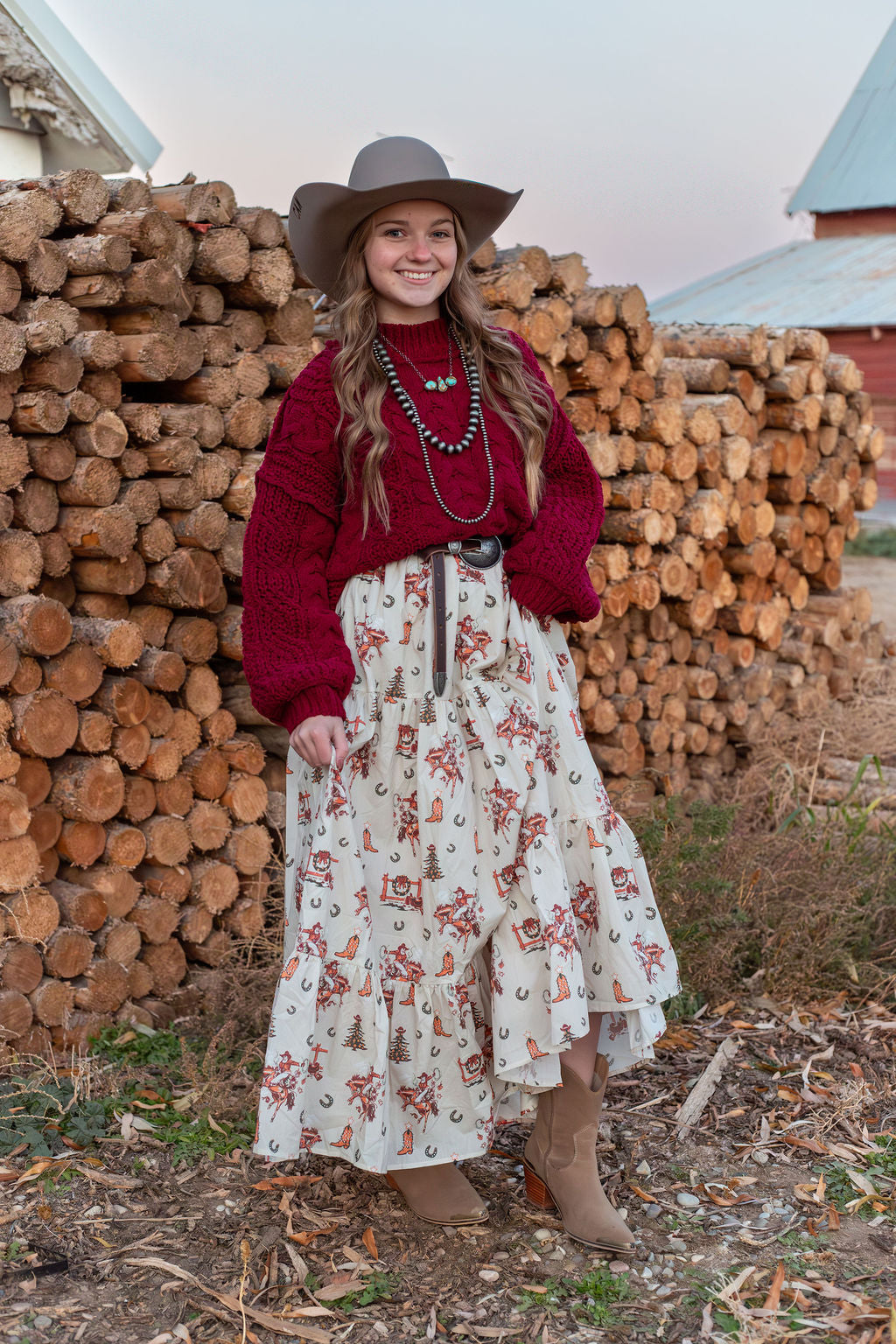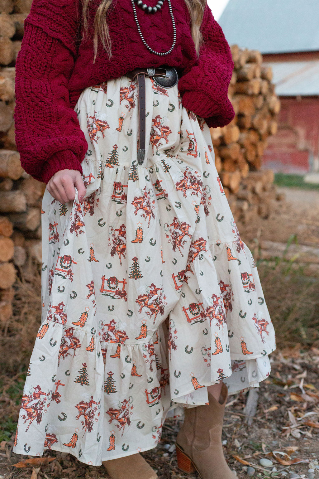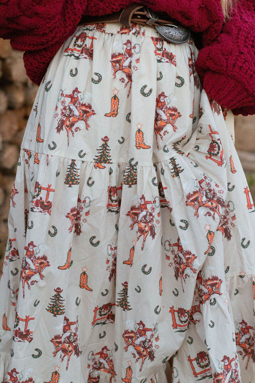Saddle up, darlin’—the Ole'Santa Skirt is here to wrangle hearts and turn heads. With a vintage cowboy print full of bronc bustin’ and lasso action, this skirt brings the spirit of the Wild West into your wardrobe.
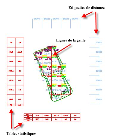 Vous pouvez utiliser la commande Production du plan de terrassement pour insérer des étiquettes dans une grille et des tables qui contiennent des informations sur le volume du terrassement entre deux surfaces triangulées. L'illustration suivante montre un exemple de la grille, des étiquettes et des tables qui sont insérées dans un dessin à l'aide de cette commande.
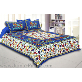 Blue Border Elephant HandBlock Print Bedspread, Rajasthani Traditional Collection Design, Elephant Pattern Screen Print Double Bed Sheet
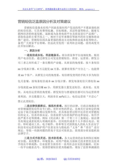 / 营销短信泛滥原因分析及对策建议
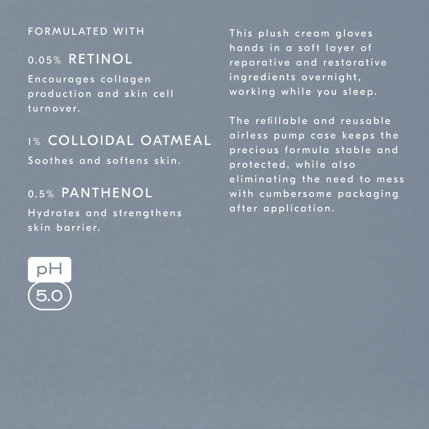 Formulated with retinol, colloidal oatmeal, and panthenol to repair and restore hardworking hands affected by manual work, harsh weather, or ageing. The medium-dense texture leaves hands soft, smooth, and hydrated by morning.
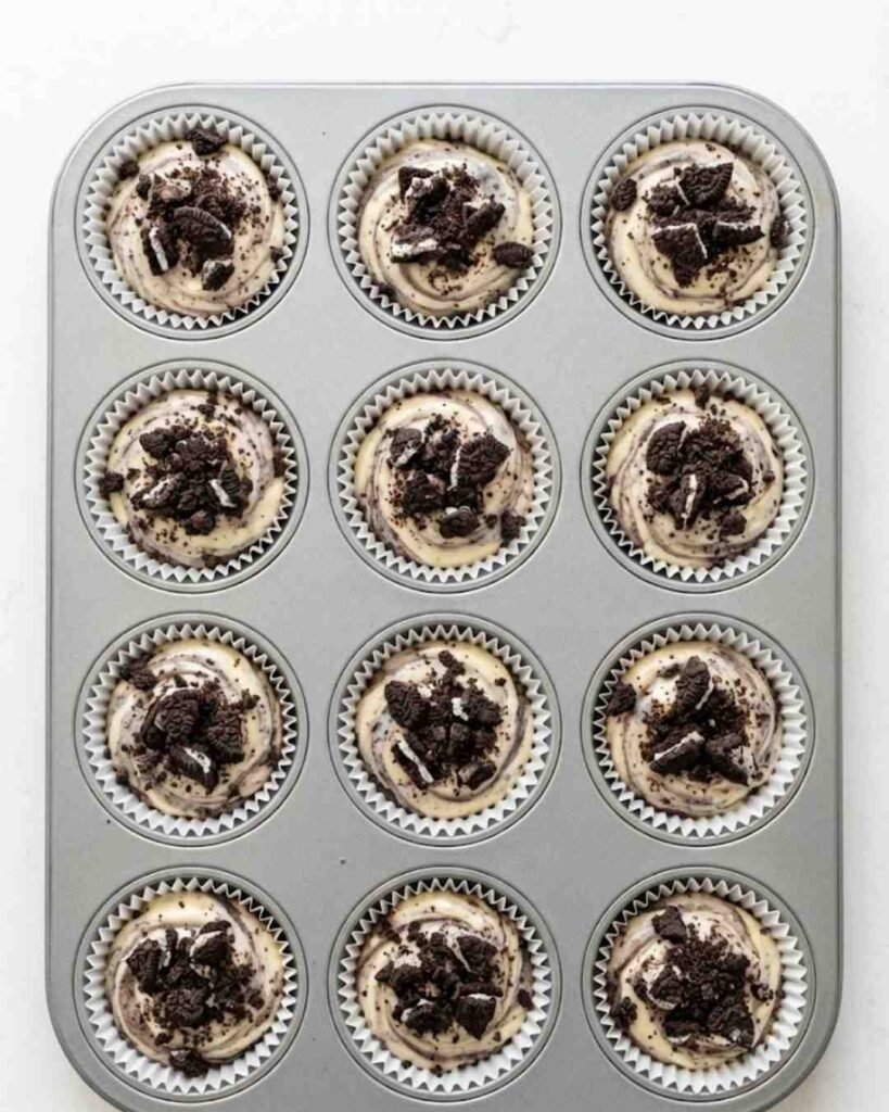 6. Fill the cups: Spoon the mixture over each Oreo base, filling liners to the top. Smooth the surface if desired.

---+---

Return every record exactly, leaving out the pictures.

§ **Result of this task**
Saddle up, darlin’—the Ole'Santa Skirt is here to wrangle hearts and turn heads. With a vintage cowboy print full of bronc bustin’ and lasso action, this skirt brings the spirit of the Wild West into your wardrobe.
 Vous pouvez utiliser la commande Production du plan de terrassement pour insérer des étiquettes dans une grille et des tables qui contiennent des informations sur le volume du terrassement entre deux surfaces triangulées. L'illustration suivante montre un exemple de la grille, des étiquettes et des tables qui sont insérées dans un dessin à l'aide de cette commande.
 Blue Border Elephant HandBlock Print Bedspread, Rajasthani Traditional Collection Design, Elephant Pattern Screen Print Double Bed Sheet
 / 营销短信泛滥原因分析及对策建议
 Formulated with retinol, colloidal oatmeal, and panthenol to repair and restore hardworking hands affected by manual work, harsh weather, or ageing. The medium-dense texture leaves hands soft, smooth, and hydrated by morning.
 6. Fill the cups: Spoon the mixture over each Oreo base, filling liners to the top. Smooth the surface if desired.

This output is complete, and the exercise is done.